I like the idea, but it seems to regress quite a lot of diagnostics... e.g. where we fail to deduce auto and then say it's not a pointer.

Also this is regressing things in the -fno-recovery-ast case, because of the changes to CheckDeclInExpr with the existing callsites that allow invalid decls. (I'm not sure what passing AcceptInvalid actually *did* before)

hokein added a comment.Apr 3 2020, 5:57 AM

I like the idea, but it seems to regress quite a lot of diagnostics... e.g. where we fail to deduce auto and then say it's not a pointer.

Also this is regressing things in the -fno-recovery-ast case, because of the changes to CheckDeclInExpr with the existing callsites that allow invalid decls. (I'm not sure what passing AcceptInvalid actually *did* before)
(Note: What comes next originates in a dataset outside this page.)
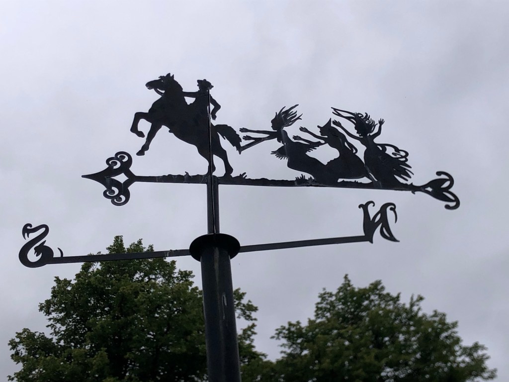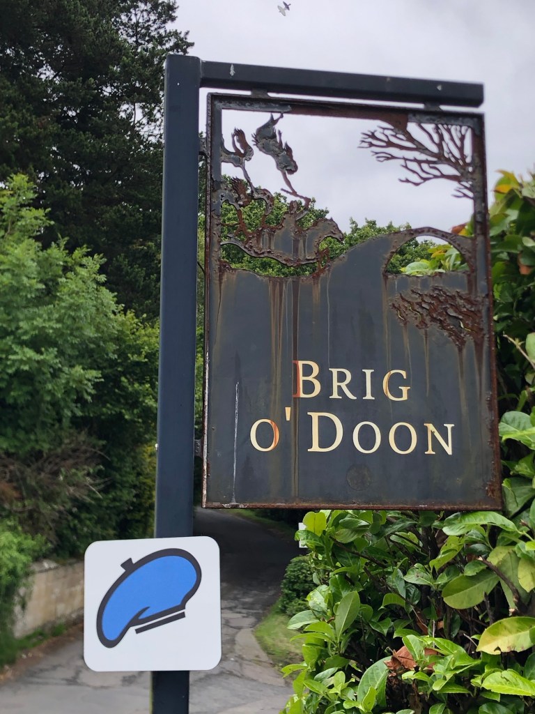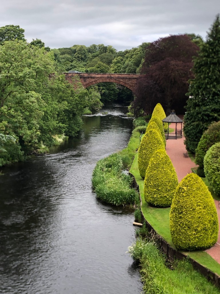 Before the museum, we went to get get groceries in Wallacetown. Fun!Maybe a little Freemason magic to help the poet’s success?Gillian told us about Tam o’Shanter, and the “wet cheese” (witches, with a Scottish accent 😂) who, “a running stream they dare na cross.” River DoonOne of the wet cheese at Brig o’Doon.Alloway Parish ChurchWallace Tower

Yeah, the solution makes diagnostics worse...

The motivation of the patch is to preserve the DeclRefExpr nodes even the referenced var-decl is invalid, so that clangd features can still work, e.g. the case we care about

struct A { A(int); }
void t() {
  A a; // VarDecl a is invalid.
  a.^ // none of clangd features would work as we don't have any AST node
}

we have a few options:

  1. build DeclRefExpr regardless the validity of VarDecl;
  2. mark VarDecl valid even when there are errors during initialization;
  3. using RecoveryExpr, e.g. build a RecoveryExpr that wraps a DeclRefExpr if the VarDecl is invalid;

as shown in this patch, 1 is not ideal and hurts about clang diagnostics. 2 looks promising, and safer (probably not regress clang diagnostic a lot).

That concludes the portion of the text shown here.